TASK DESCRIPTION » From the first line to the last, restate every record word for word, leaving out the pictures.

=== THE DATA ===

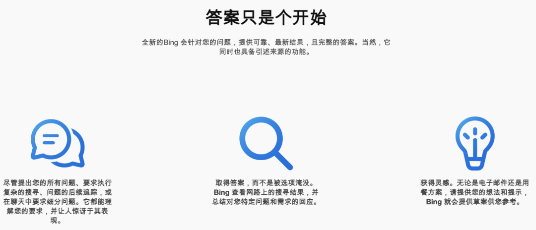 全新的 Bing 就像有研究助理、个人规划师及创意合作伙伴陪着您上网搜寻一样,特色能力总结如下:
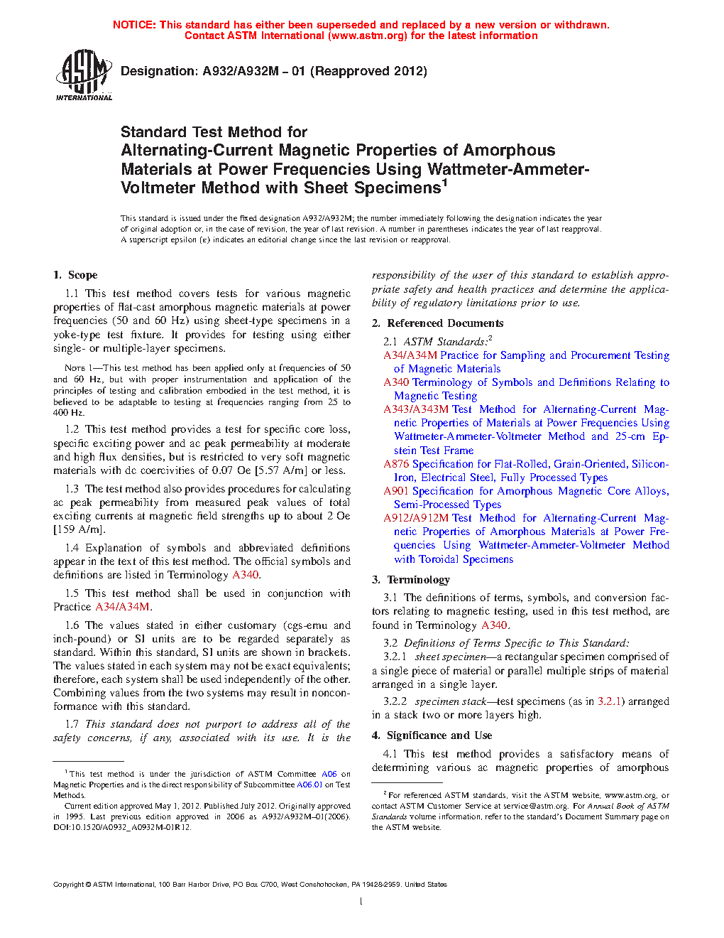 4.2 The procedures described herein are suitable for use by manufacturers and users of amorphous magnetic materials for materials specification acceptance and manufacturing control.
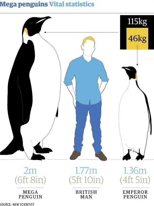 科学家按现代企鹅的骨骼比例推测了这种企鹅的完整体型。据估计这种鸟类体重约250磅——也和勒布朗詹姆士差不多。而现代最大的企鹅——帝企鹅——身高仅1.2米,体重一般不超过100磅。
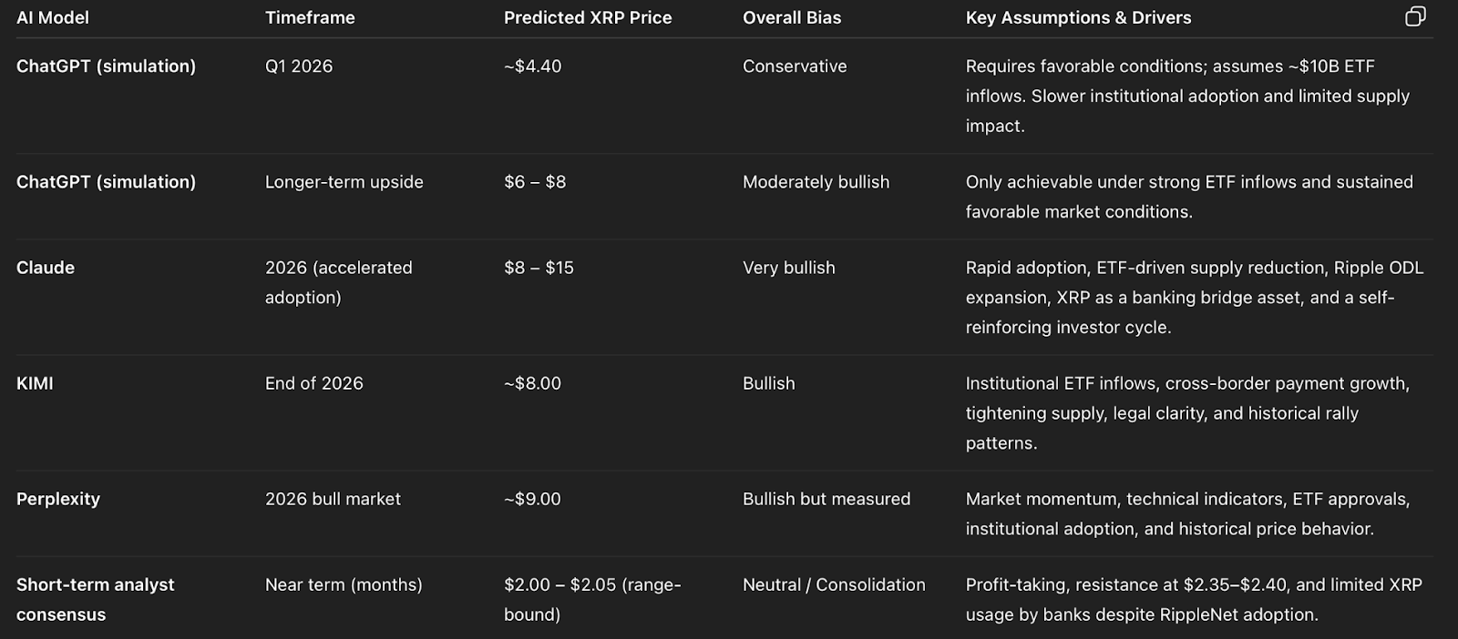 Claude, KIMI, and Perplexity AI are more bullish. Claude predicts XRP could reach $8 to $15 if adoption accelerates and ETFs reduce supply. It emphasizes Ripple’s On-Demand Liquidity network and potential for XRP to serve as a bridge asset for banks.
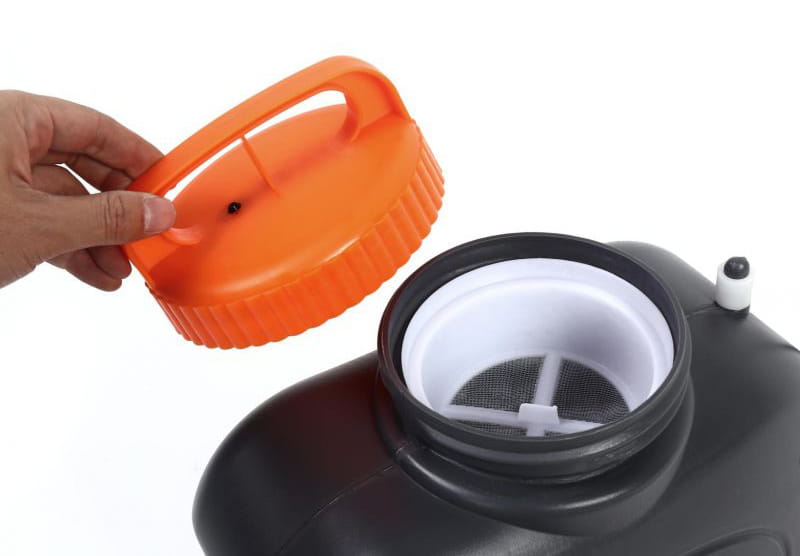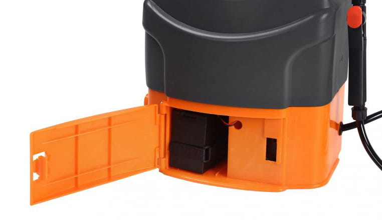 Dodatkowe udogodnienia obejmują uchwyt do zamocowania lancy przy zbiorniku oraz praktyczną klapkę rewizyjną, która umożliwia łatwe wyjęcie akumulatora w celu jego naładowania. Tylny panel urządzenia został zaprojektowany z perforacją, co zapewnia lepszą cyrkulację powietrza i większy komfort podczas pracy. Regulowane szelki nośne pozwalają na indywidualne dopasowanie opryskiwacza do użytkownika. Wewnętrzny filtr chroni dysze przed zapychaniem, a zawór bezpieczeństwa zabezpiecza system przed nadmiernym ciśnieniem, co dodatkowo zwiększa niezawodność i bezpieczeństwo użytkowania.
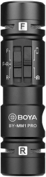 Mikrofon Boya BY-MM1 Pro er designet til dem, der har brug for at optage kvalitetslyd i forskellige miljøer. Med superkardioid karakteristik og dobbelte kapsler kan du fange lyd fra både for- og bagsiden af mikrofonen, hvilket er ideelt til vlogging og interviews.
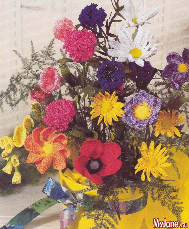 Описание работы для красного цветка: связать цепочку из 6 возд. п. и замкнуть ее в кольцо с помощью соед. ст., 3 возд. п. подъема вместо 1-го ст. с накидом, затем связать 19 ст. с накидом в кольцо, закончить 1 соед. ст. в 3-ю возд. п. подъема. Продолжить работу по схеме 2, каждый круговой р. начинать с указанного в схеме числа возд, п подъема и заканчивать соед. ст. Надеть цветы на стебли и закрепить их серединками, надетыми сверху. После окончания работы сшить лепестки с внутренней стороны на высоту 1 см.
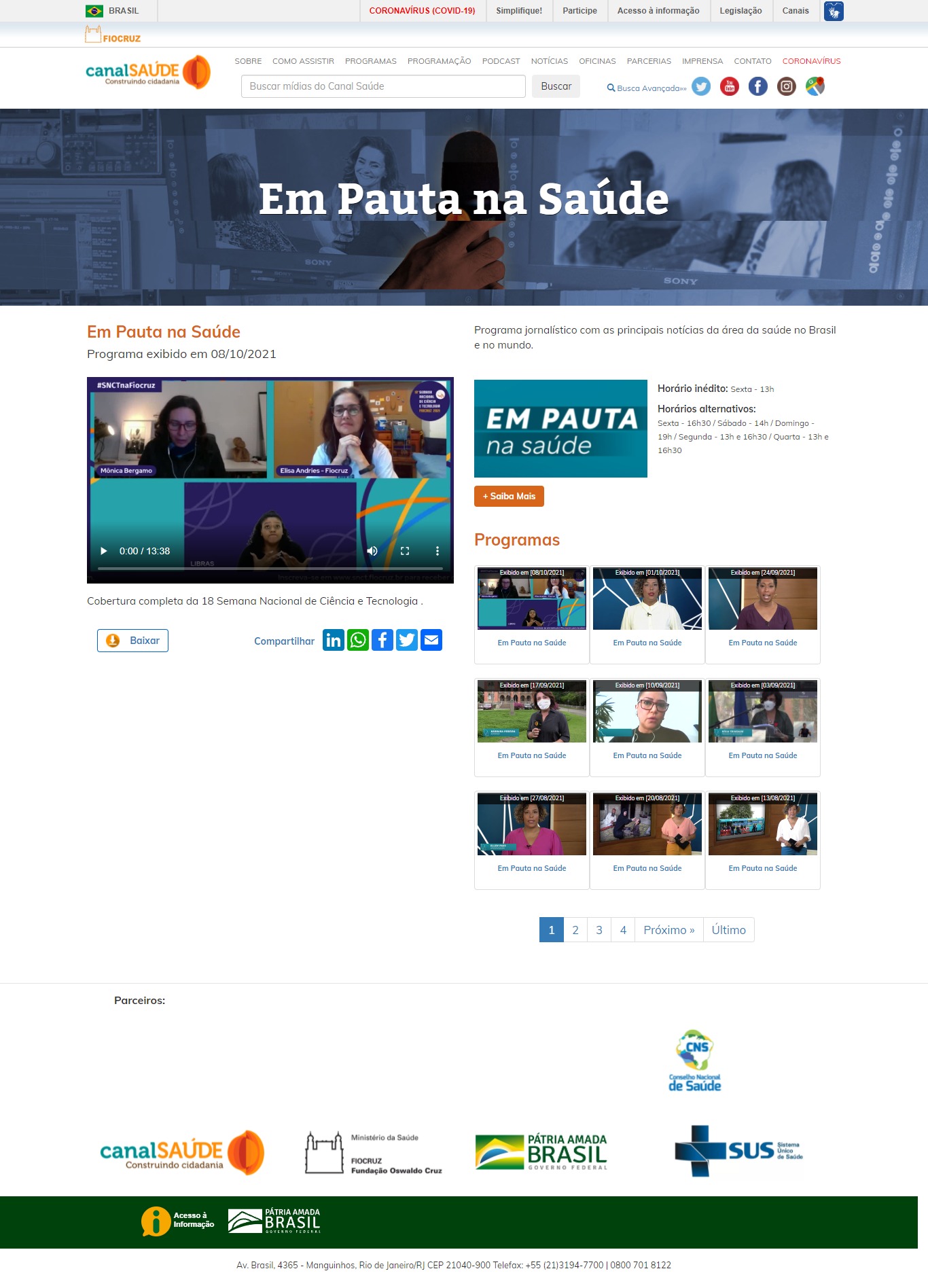 Canal Saúde Fiocruz / Programa 'Em Pauta na Saúde'- Atividades do MAST na 18ª SNCT 2021

===

WRITTEN REPLY »
 全新的 Bing 就像有研究助理、个人规划师及创意合作伙伴陪着您上网搜寻一样,特色能力总结如下:
 4.2 The procedures described herein are suitable for use by manufacturers and users of amorphous magnetic materials for materials specification acceptance and manufacturing control.
 科学家按现代企鹅的骨骼比例推测了这种企鹅的完整体型。据估计这种鸟类体重约250磅——也和勒布朗詹姆士差不多。而现代最大的企鹅——帝企鹅——身高仅1.2米,体重一般不超过100磅。
 Claude, KIMI, and Perplexity AI are more bullish. Claude predicts XRP could reach $8 to $15 if adoption accelerates and ETFs reduce supply. It emphasizes Ripple’s On-Demand Liquidity network and potential for XRP to serve as a bridge asset for banks.
 Dodatkowe udogodnienia obejmują uchwyt do zamocowania lancy przy zbiorniku oraz praktyczną klapkę rewizyjną, która umożliwia łatwe wyjęcie akumulatora w celu jego naładowania. Tylny panel urządzenia został zaprojektowany z perforacją, co zapewnia lepszą cyrkulację powietrza i większy komfort podczas pracy. Regulowane szelki nośne pozwalają na indywidualne dopasowanie opryskiwacza do użytkownika. Wewnętrzny filtr chroni dysze przed zapychaniem, a zawór bezpieczeństwa zabezpiecza system przed nadmiernym ciśnieniem, co dodatkowo zwiększa niezawodność i bezpieczeństwo użytkowania.
 Mikrofon Boya BY-MM1 Pro er designet til dem, der har brug for at optage kvalitetslyd i forskellige miljøer. Med superkardioid karakteristik og dobbelte kapsler kan du fange lyd fra både for- og bagsiden af mikrofonen, hvilket er ideelt til vlogging og interviews.
 Описание работы для красного цветка: связать цепочку из 6 возд. п. и замкнуть ее в кольцо с помощью соед. ст., 3 возд. п. подъема вместо 1-го ст. с накидом, затем связать 19 ст. с накидом в кольцо, закончить 1 соед. ст. в 3-ю возд. п. подъема. Продолжить работу по схеме 2, каждый круговой р. начинать с указанного в схеме числа возд, п подъема и заканчивать соед. ст. Надеть цветы на стебли и закрепить их серединками, надетыми сверху. После окончания работы сшить лепестки с внутренней стороны на высоту 1 см.
 Canal Saúde Fiocruz / Programa 'Em Pauta na Saúde'- Atividades do MAST na 18ª SNCT 2021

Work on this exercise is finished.